By classifying PDAC mutations based on their allelic expression, we were able to identify ~50% of all mutations within this study as likely passenger mutations, increase the sensitivity of mutation detection methods, significantly enhance the prediction of PDAC prognosis using mutation data, and identify subtypes that are statistically sensitive to specific drug therapeutics in cell culture models. These results support the concept that both V-ex and W-ex mutations contribute to the biological features of the tumor, while N-ex mutations have little influence on the progression of the tumor. Thus, we conclude that the underutilized technique of allelic expression analysis of tumor mutations provides an effective top-level method to separate mutations based on their respective tumor impact. Based on these results within PDAC, we expect that allele expression analysis will be able to assist in other aspects of cancer biology. For example, this approach can be used to explore cancer epitope detection54 and interrogation of tumor clonality54,55. Because the MAXX pipeline enables accurate identification of allelic expression for all mutation types by increasing RNA-sequencing alignment, it represents the most inclusive method to perform mutation allelic expression analyses. We anticipate that custom gene specific reference genomes generated via MAXX will become a prevalent aspect in performing mutation allelic expression analyses and will be employed to classify mutations for advancement of precision medicine.
Methods
Expanded overview of MAXX pipeline
MAXX is a freely available tool (https://github.com/Adglink/MAXX) that generates gene specific reference genomes to identify allelic expression. As input, MAXX requires a mutation file, a reference genome, and the reference genome’s corresponding GTF file. The reference files used in this study were GENCODE v19 for the patient derived models and GENCODE GRCh v21 for the TCGA data56. In brief, MAXX uses information from the GTF file to identify the sequence of the input genes within the fasta file.
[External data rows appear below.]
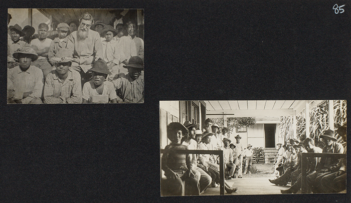 Two images of Joseph Dutton on Molokai, ca. 1905. In the image on the left, Dutton sits with a group of Hawaiian men and boys. In the image on the right, Dutton is seen with a group of men on a porch of what may be the Baldwin Home for men and boys that Dutton founded on Molokai.You can view the Jack London Photographs and Negatives collection online at the Huntington Digital Library.
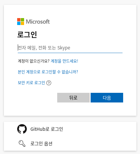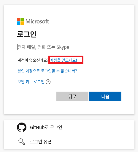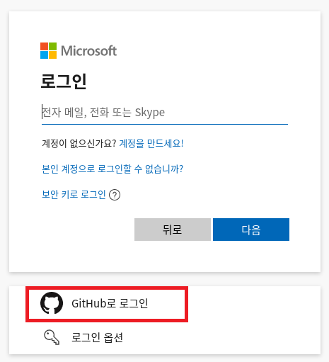 Microsoft에 계정이 없는 경우에는 GitHub 계정을 사용하거나 계정을 생성해야 한다.
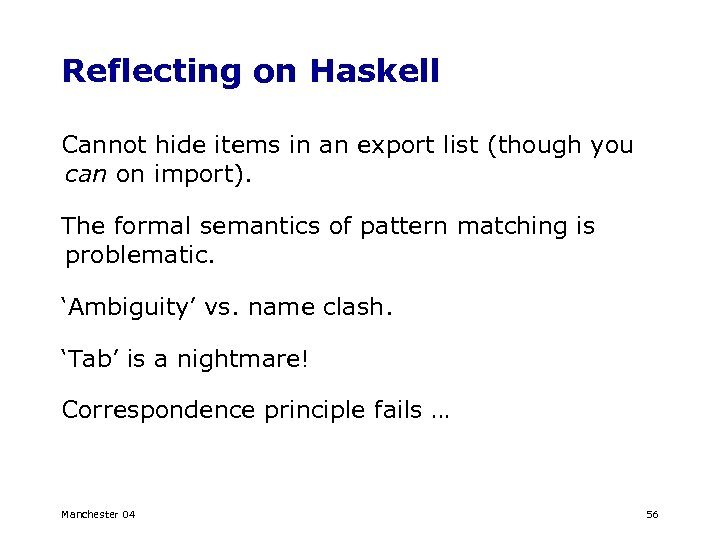Reflecting on Haskell Cannot hide items in an export list (though you can on import). The formal semantics of pattern matching is problematic. ‘Ambiguity’ vs. name clash. ‘Tab’ is a nightmare! Correspondence principle fails … Manchester 04 56
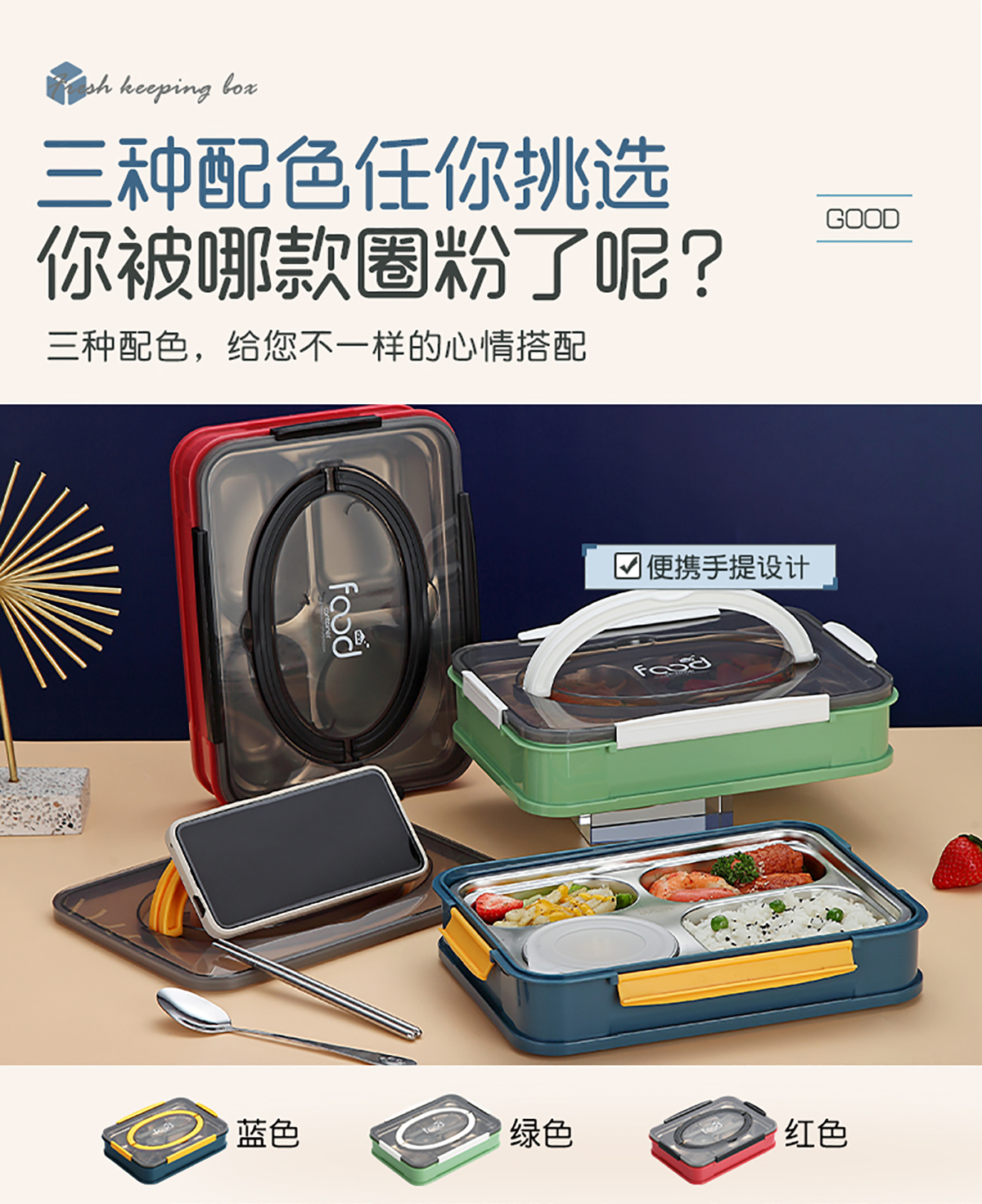 AQX-2523B(4格帶湯碗):260*185*60mm
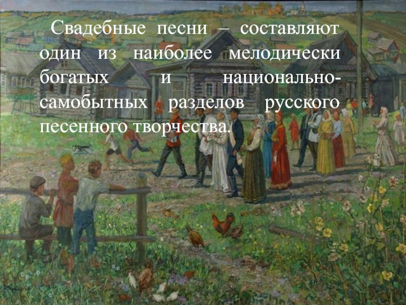 Свадебные песни – составляют один из наиболее мелодически богатых и национально-самобытных разделов русского песенного творчества.

Once the sequence of the genes within the mutation list is identified, MAXX first uses the gene name to create a header tag (e.g. >KRAS). Then the header tag and wild type sequence are written to the new fasta file. Next, the mutated sequence and its header are generated. The mutation sequence is created based on the information from the mutation file, while the header is the gene’s name with a _Mut tag (e.g. >KRAS_Mut). The _Mut tag allows reads to be separated based on their alignment to either the wild type or mutated sequence. In cases where a gene contains multiple mutations, all mutations are inserted into the gene via a shifting algorithm. Because this study emphasized the allelic expression of mutations, MAXX is designed to only output the wild type and mutant sequence of genes presented in the mutation file. This approach dramatically decreases the size of the fasta file, which allows storage space and alignment run time to be more efficient compared to the Hg19 reference genome (Supplementary Fig. 1), while maintaining accurate RNA-sequencing alignment (Fig. 2c). In addition to the custom-made reference genome, MAXX also outputs an index file that identifies the new positions of the mutations in both the wild type and mutant sequence.
Because all of the PDAC samples within this study had undergone exome sequencing, we were able to use MAXX to generate a tumor specific reference genome for each sample. However, in situations where exome sequencing is not available, a reference genome could be generated using predefined mutations derived from other sequencing projects. Our tumor specific reference genomes where indexed using Bowtie2 v. 2.3.257. Then Tophat2 v. 2.1.126 was used to align the sample’s corresponding RNA-sequencing reads. In addition to the default parameters for Tophat2, the commands “-p 10,–no-coverage-search,–b2-very-sensitive” were used. To ensure the accuracy of calculated RNA-allele frequencies, the BAM files generated by Tophat2 underwent multiple filtering steps23,32. First, the PCR duplicates were removed, using the Picard Tools (http://broadinstitute.github.io/picard/) MarkDuplicates command where the input parameter REMOVE_DUPLICATES was set to “true”. Second, SAMtools v. 1.458 was used to keep the uniquely aligned reads via the command “samtools view -q 50 -b input.bam >output.bam”. Finally, because our data was paired-end, the additional step of singleton removal using the SAMtools v. 1.4 command “samtools view -F 8 -b input.bam >output.bam” was performed. The filtered bam file, tumor specific reference genome, and tumor mutation index file were then used as input for Bam-Readcount (https://github.com/genome/bam-readcount), which identified the number of reads that aligned to the mutant and wild type sequences.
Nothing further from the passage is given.